Data under study
>>>

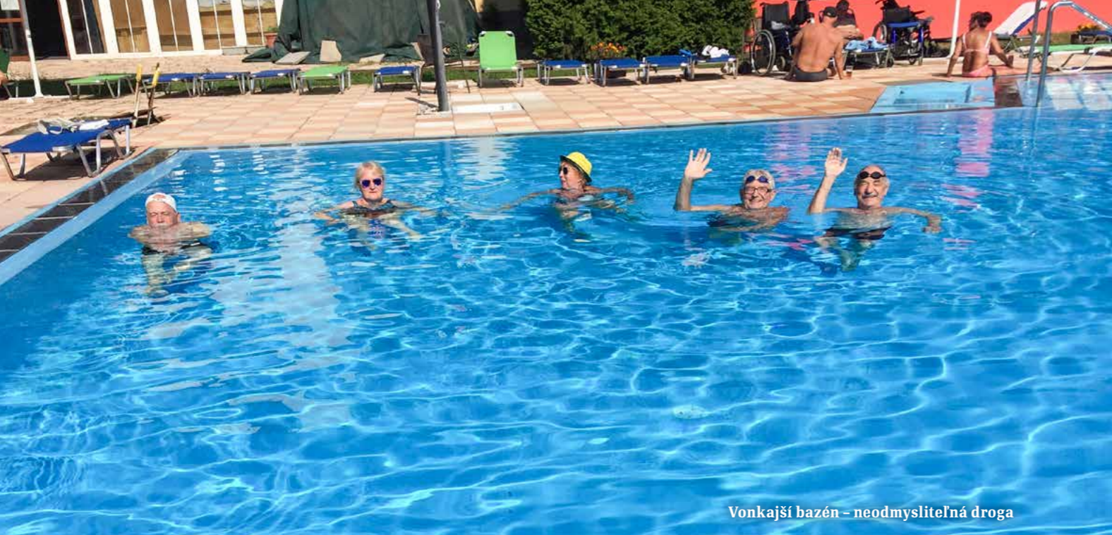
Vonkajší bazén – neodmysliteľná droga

<<<
>>>

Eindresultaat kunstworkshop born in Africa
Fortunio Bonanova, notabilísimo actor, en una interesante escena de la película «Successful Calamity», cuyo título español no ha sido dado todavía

<<<
>>>

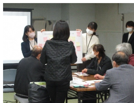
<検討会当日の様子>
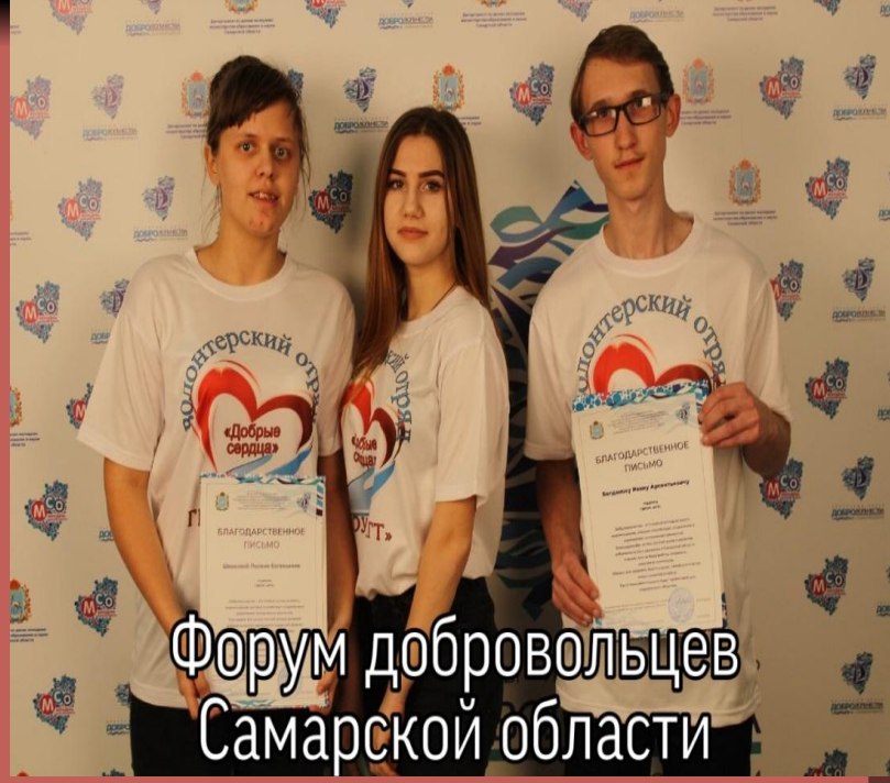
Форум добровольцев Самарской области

<<<

In the entries above, find the line with "Eindresultaat kunstworkshop born in Africa" and the line with "Fortunio Bonanova, notabilísimo", then restate word for word both of them and every line between, with nothing more.

Eindresultaat kunstworkshop born in Africa
Fortunio Bonanova, notabilísimo actor, en una interesante escena de la película «Successful Calamity», cuyo título español no ha sido dado todavía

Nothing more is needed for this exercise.